**Problem description**.
Starting with the line that has "上班第一天,與每位員工簽訂《" in the records below and ending with the line that has "The City of", output those lines exactly and nothing more; omit the pictures.

**Data for analysis**.
- Opening Delimiter -
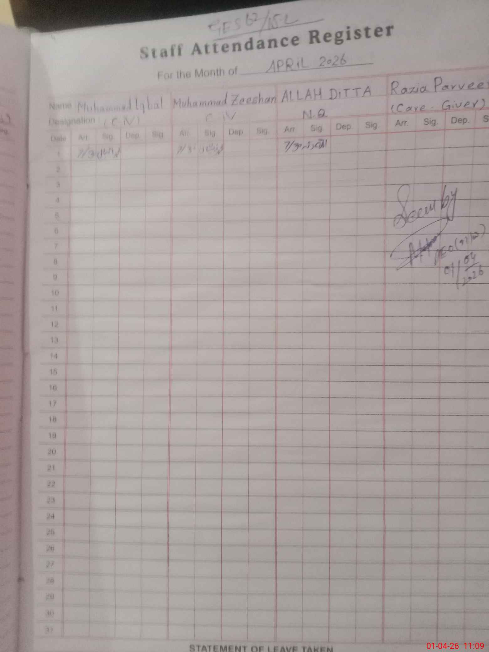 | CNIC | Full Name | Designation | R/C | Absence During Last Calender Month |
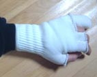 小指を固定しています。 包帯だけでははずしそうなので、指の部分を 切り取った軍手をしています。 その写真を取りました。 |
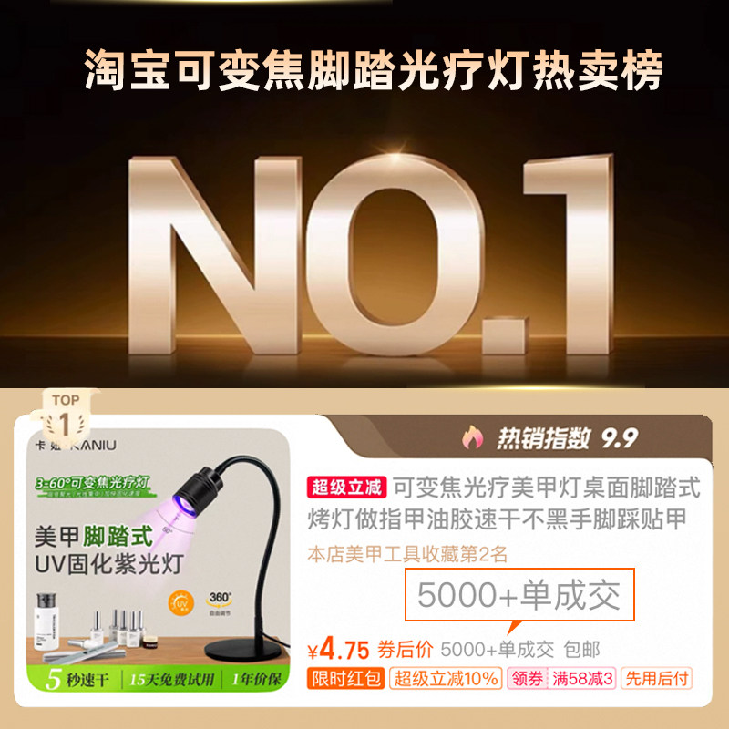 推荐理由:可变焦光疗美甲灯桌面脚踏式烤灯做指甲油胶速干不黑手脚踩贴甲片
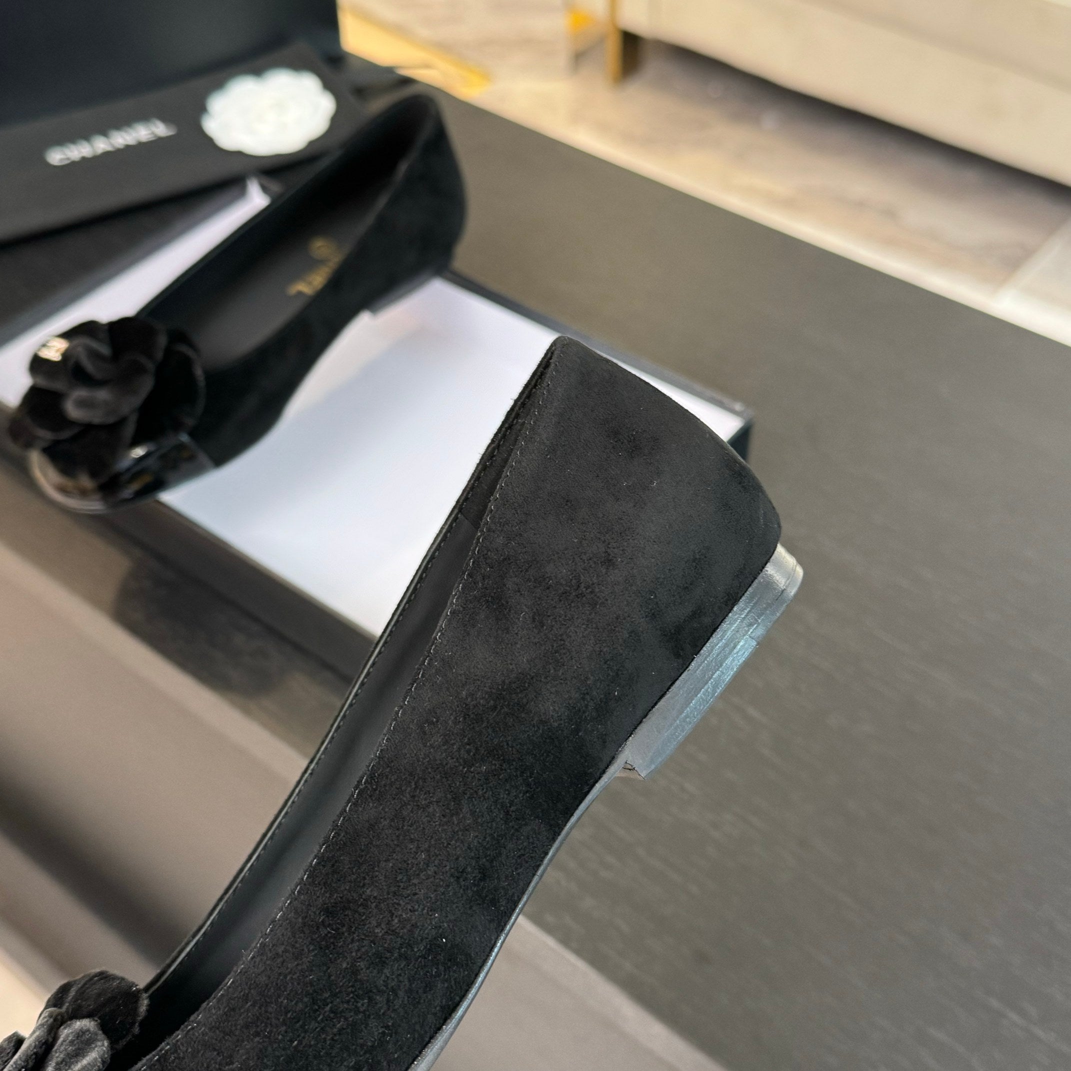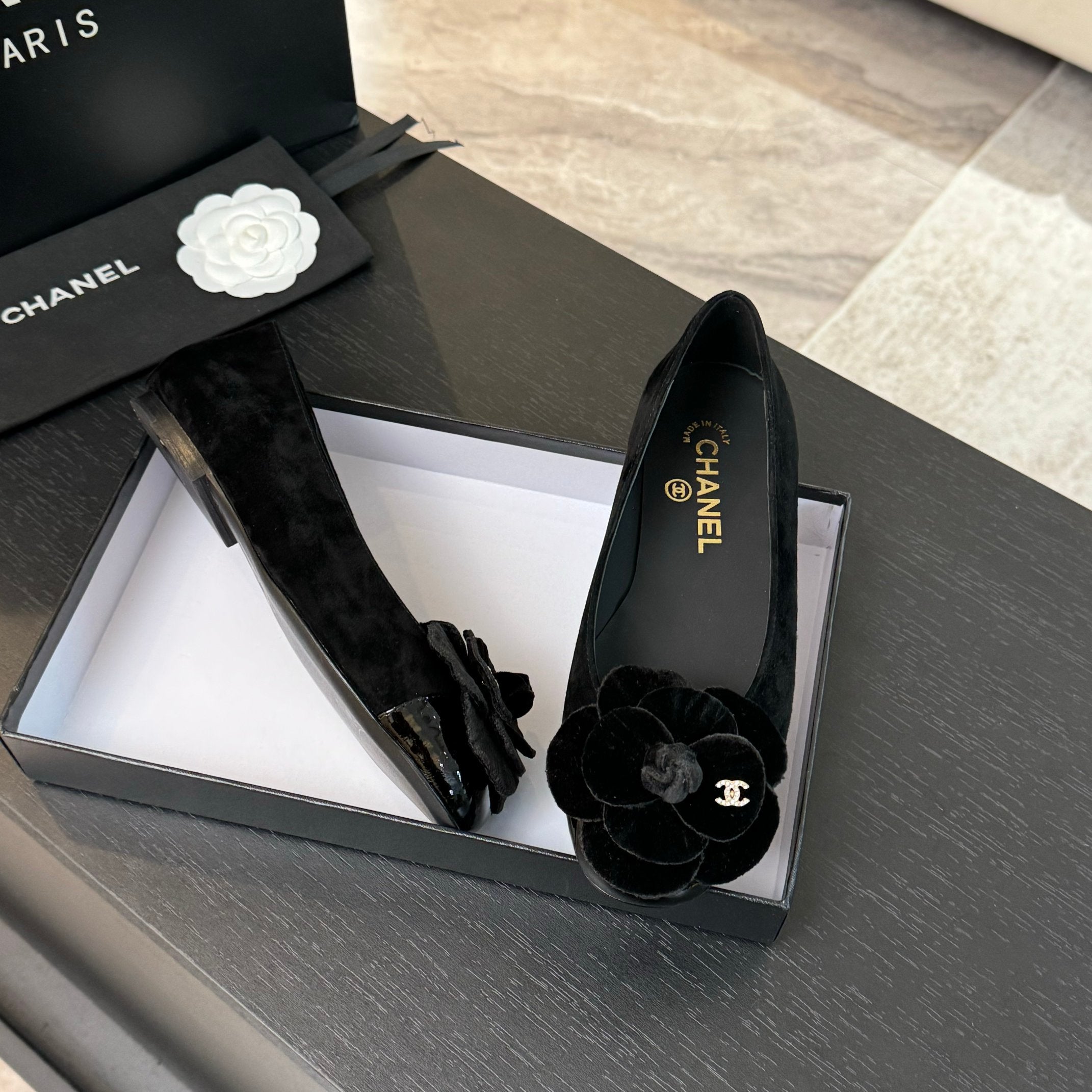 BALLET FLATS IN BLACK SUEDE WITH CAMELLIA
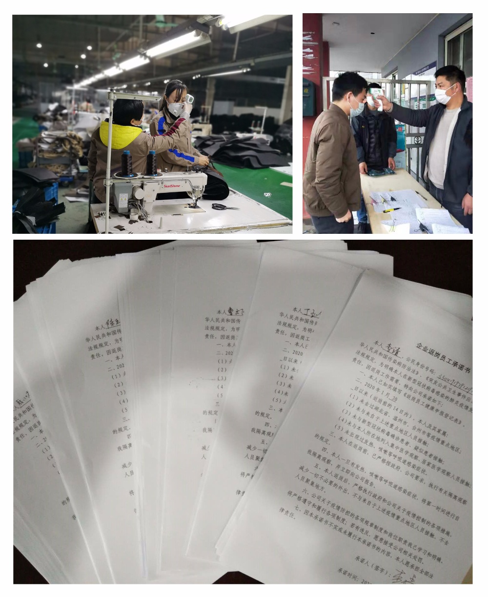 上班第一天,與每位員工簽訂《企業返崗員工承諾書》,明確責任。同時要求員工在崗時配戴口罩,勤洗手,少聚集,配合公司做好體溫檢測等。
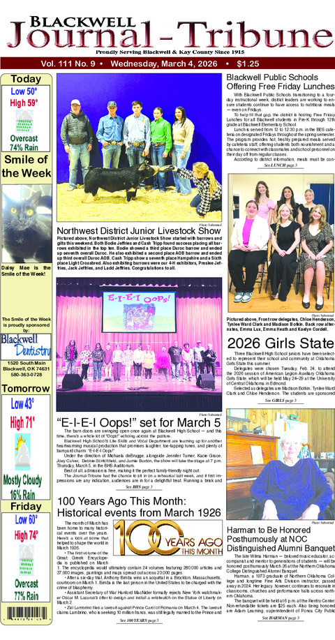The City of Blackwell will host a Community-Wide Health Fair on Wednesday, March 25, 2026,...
- Closing Delimiter -
- Opening Delimiter -
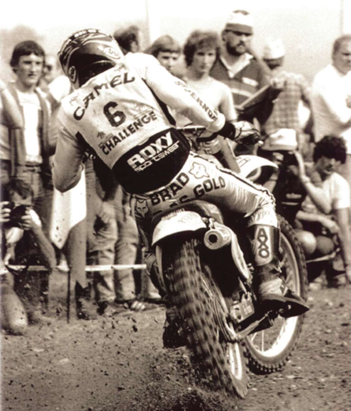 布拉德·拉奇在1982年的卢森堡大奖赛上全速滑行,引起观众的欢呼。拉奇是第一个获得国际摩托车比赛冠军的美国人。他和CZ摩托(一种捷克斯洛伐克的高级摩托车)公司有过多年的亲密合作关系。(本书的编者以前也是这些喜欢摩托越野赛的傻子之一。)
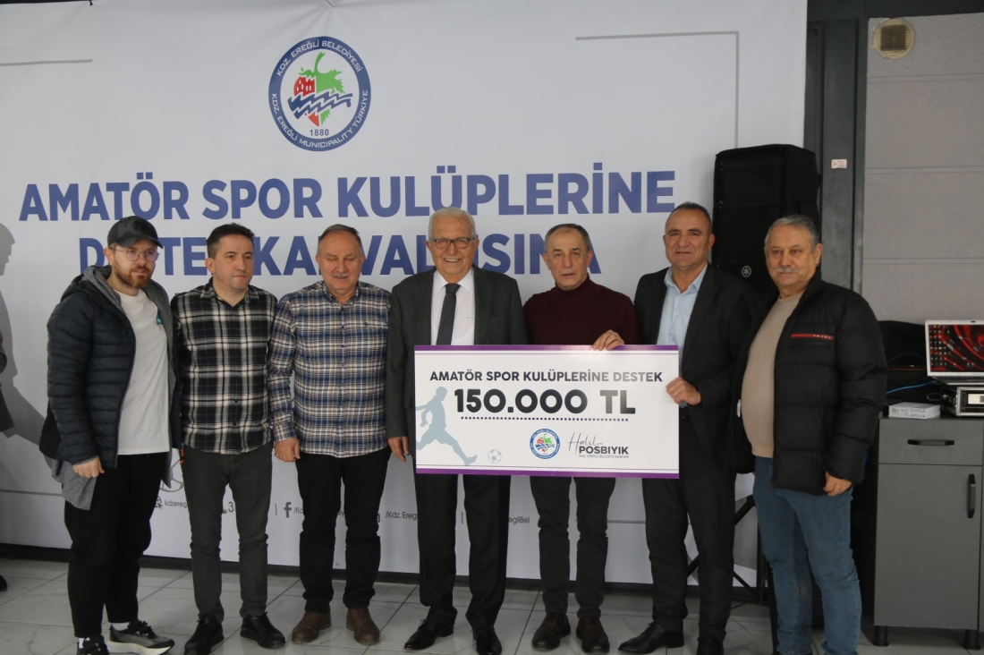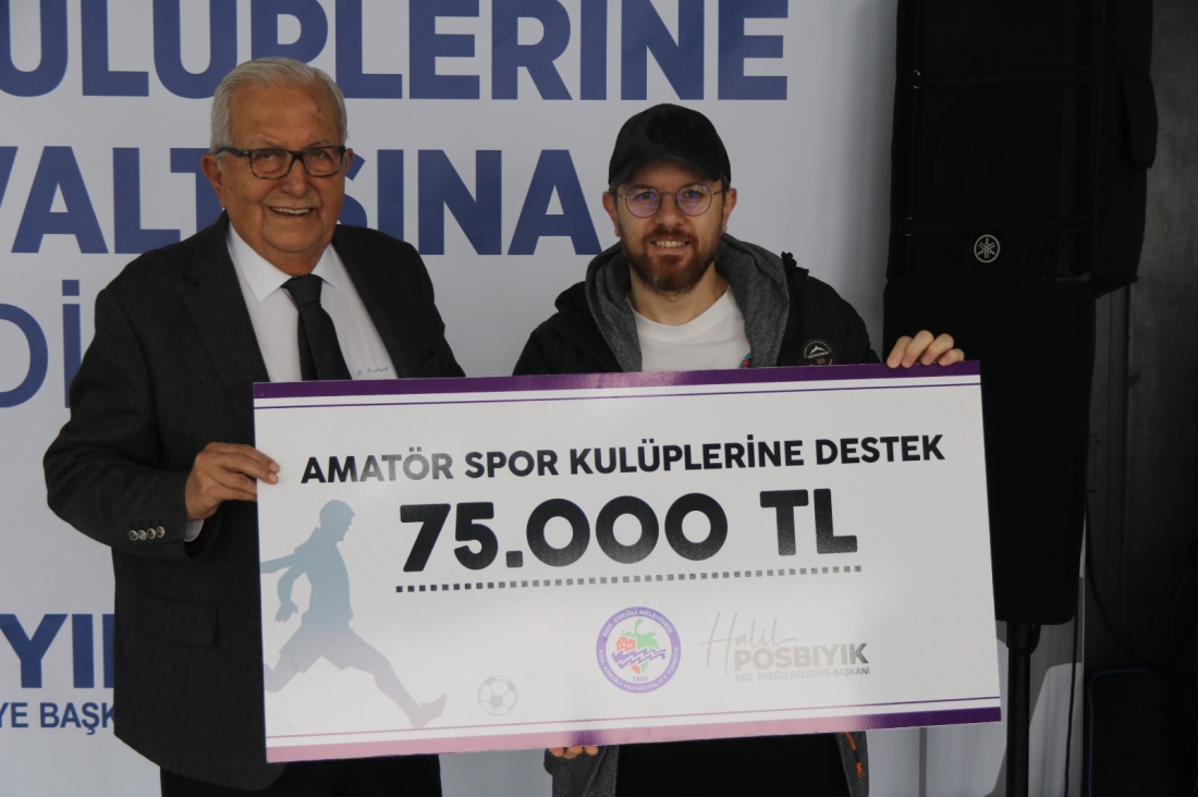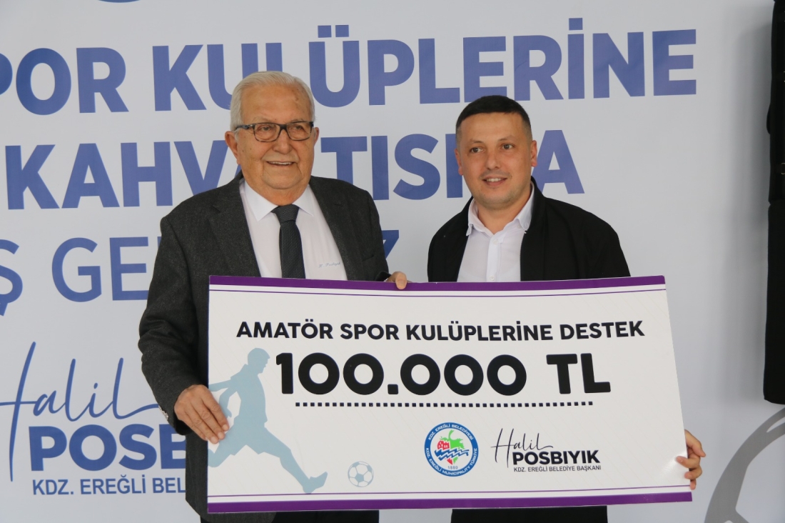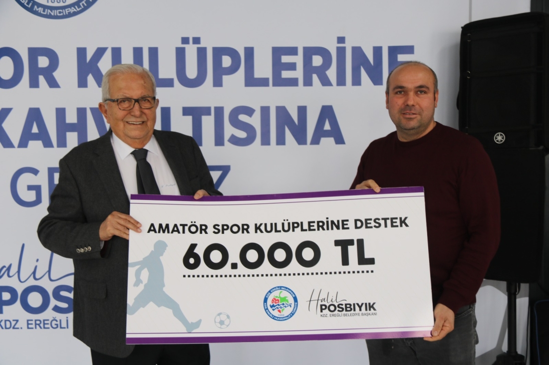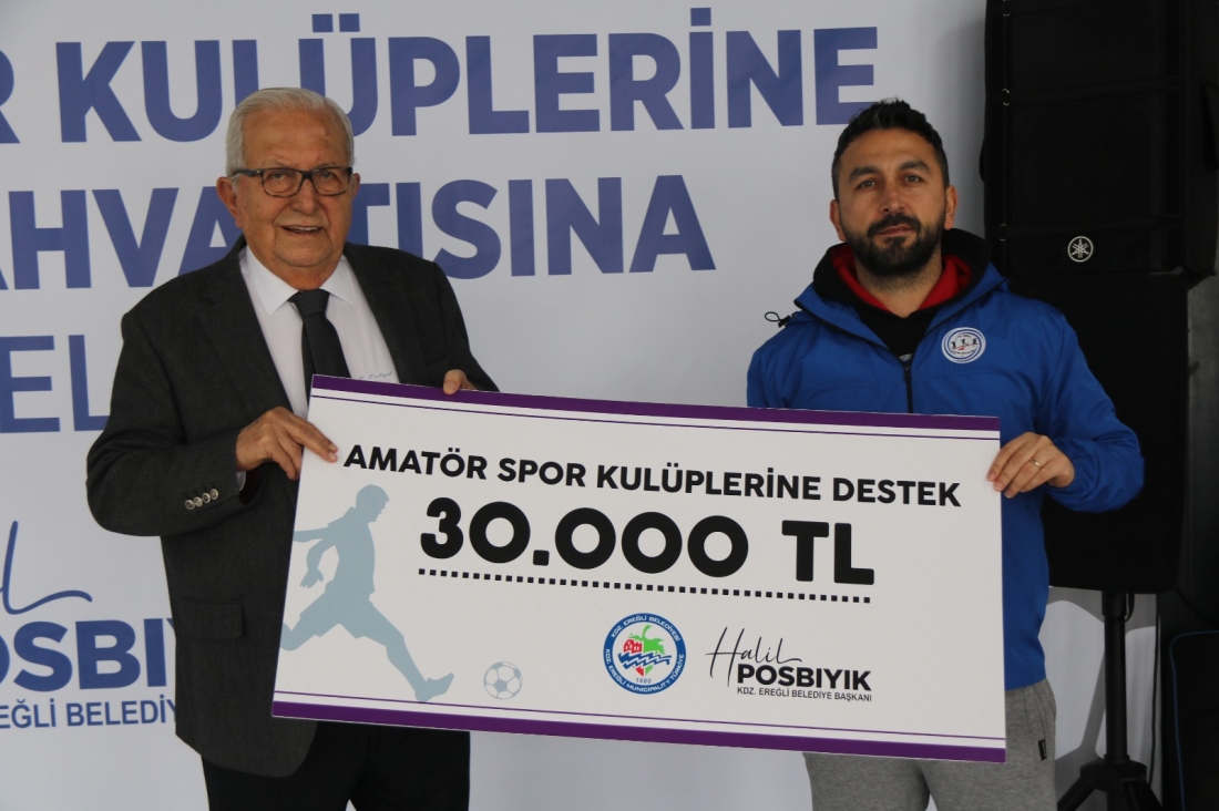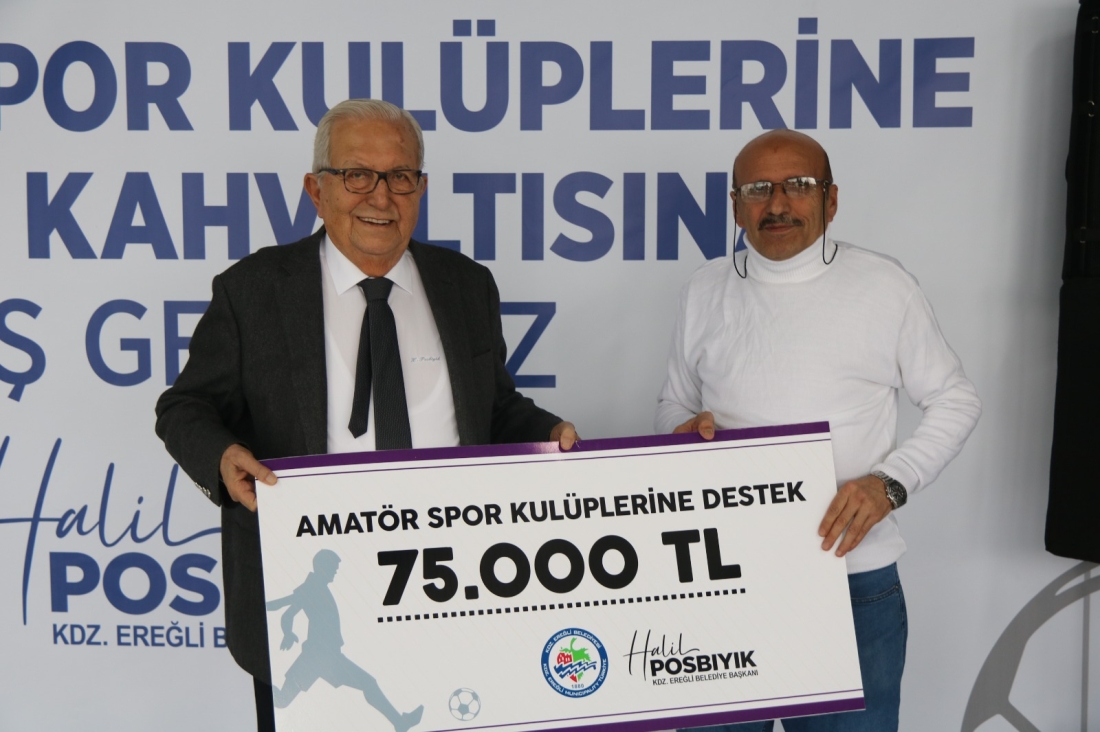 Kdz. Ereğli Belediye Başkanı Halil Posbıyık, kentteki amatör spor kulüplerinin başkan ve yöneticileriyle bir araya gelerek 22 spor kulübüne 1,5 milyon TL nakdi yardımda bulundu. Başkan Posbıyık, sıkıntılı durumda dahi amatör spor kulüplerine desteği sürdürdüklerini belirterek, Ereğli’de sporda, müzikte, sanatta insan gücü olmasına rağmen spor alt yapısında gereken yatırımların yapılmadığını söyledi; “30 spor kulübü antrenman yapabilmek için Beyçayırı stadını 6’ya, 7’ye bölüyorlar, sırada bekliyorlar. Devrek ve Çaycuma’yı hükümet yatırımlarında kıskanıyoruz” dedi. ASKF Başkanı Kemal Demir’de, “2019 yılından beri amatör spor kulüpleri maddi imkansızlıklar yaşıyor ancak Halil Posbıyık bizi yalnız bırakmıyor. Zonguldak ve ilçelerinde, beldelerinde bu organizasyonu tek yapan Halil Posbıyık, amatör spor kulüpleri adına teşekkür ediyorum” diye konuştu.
- Closing Delimiter -
- Opening Delimiter -
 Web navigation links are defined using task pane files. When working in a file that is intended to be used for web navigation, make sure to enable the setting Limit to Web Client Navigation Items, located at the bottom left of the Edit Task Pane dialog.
- Closing Delimiter -
**Result for this exercise**.
 上班第一天,與每位員工簽訂《企業返崗員工承諾書》,明確責任。同時要求員工在崗時配戴口罩,勤洗手,少聚集,配合公司做好體溫檢測等。
The City of Blackwell will host a Community-Wide Health Fair on Wednesday, March 25, 2026,...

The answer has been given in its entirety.